DATA FOR THE TASK:
────────────────

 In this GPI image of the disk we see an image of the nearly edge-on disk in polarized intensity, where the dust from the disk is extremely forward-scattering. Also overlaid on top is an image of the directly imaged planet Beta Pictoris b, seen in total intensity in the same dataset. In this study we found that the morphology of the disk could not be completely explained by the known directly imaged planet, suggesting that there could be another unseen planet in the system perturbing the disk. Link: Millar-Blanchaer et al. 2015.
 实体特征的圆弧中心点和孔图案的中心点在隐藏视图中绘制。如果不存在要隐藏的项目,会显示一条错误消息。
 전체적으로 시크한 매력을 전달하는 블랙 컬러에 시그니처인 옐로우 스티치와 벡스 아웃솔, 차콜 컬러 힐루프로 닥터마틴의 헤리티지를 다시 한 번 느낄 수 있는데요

────────────────

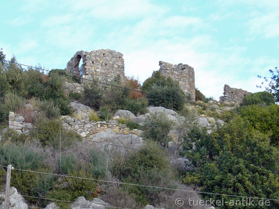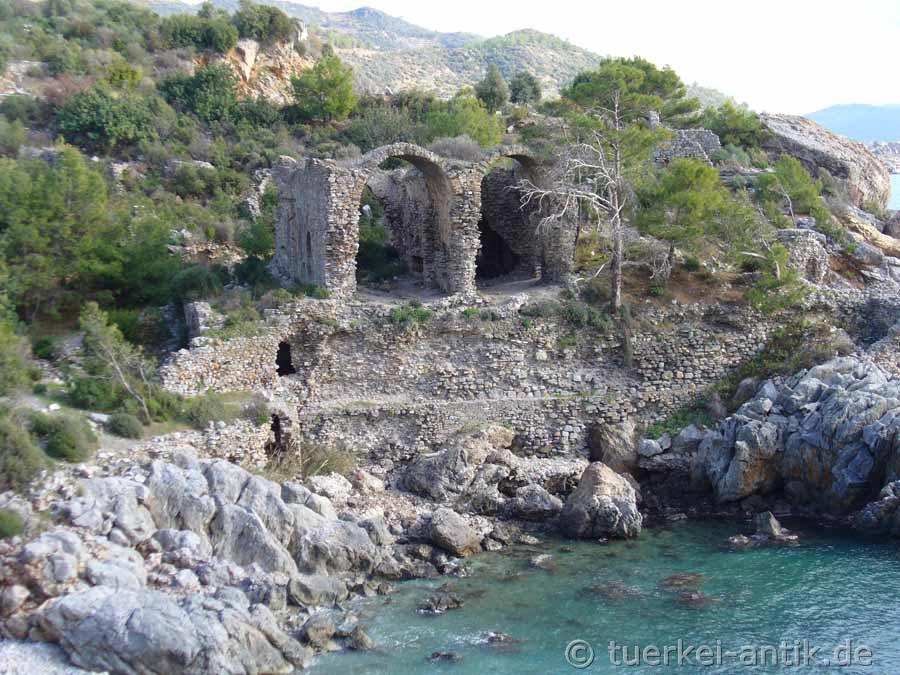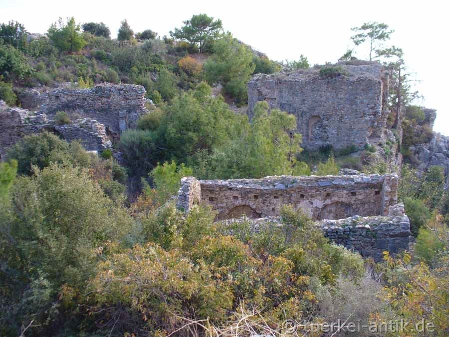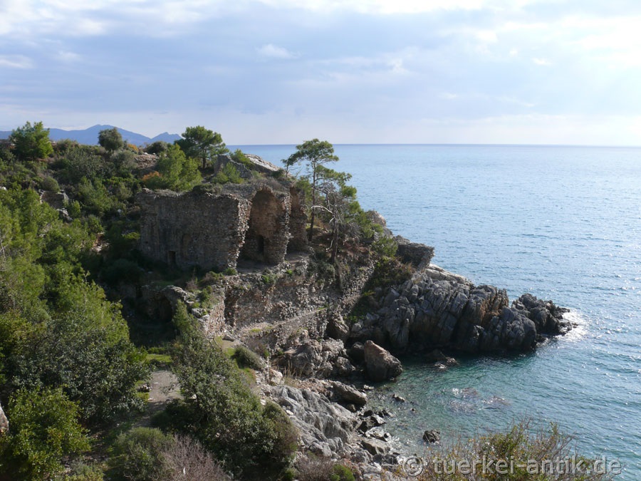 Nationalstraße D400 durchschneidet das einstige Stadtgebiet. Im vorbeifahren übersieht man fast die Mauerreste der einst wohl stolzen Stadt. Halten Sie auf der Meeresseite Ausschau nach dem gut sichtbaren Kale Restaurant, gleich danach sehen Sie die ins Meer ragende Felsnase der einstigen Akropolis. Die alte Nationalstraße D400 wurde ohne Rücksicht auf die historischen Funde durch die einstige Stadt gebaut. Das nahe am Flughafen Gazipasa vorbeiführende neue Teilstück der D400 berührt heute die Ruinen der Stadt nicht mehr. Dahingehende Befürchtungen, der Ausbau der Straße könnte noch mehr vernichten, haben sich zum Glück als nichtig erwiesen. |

────────────────

WHAT TO DO: Give only the lines from the one holding "In this GPI" through the one holding "전체적으로 시크한 매력을", each restated exactly as it appears above.

THE ANSWER:
 In this GPI image of the disk we see an image of the nearly edge-on disk in polarized intensity, where the dust from the disk is extremely forward-scattering. Also overlaid on top is an image of the directly imaged planet Beta Pictoris b, seen in total intensity in the same dataset. In this study we found that the morphology of the disk could not be completely explained by the known directly imaged planet, suggesting that there could be another unseen planet in the system perturbing the disk. Link: Millar-Blanchaer et al. 2015.
 实体特征的圆弧中心点和孔图案的中心点在隐藏视图中绘制。如果不存在要隐藏的项目,会显示一条错误消息。
 전체적으로 시크한 매력을 전달하는 블랙 컬러에 시그니처인 옐로우 스티치와 벡스 아웃솔, 차콜 컬러 힐루프로 닥터마틴의 헤리티지를 다시 한 번 느낄 수 있는데요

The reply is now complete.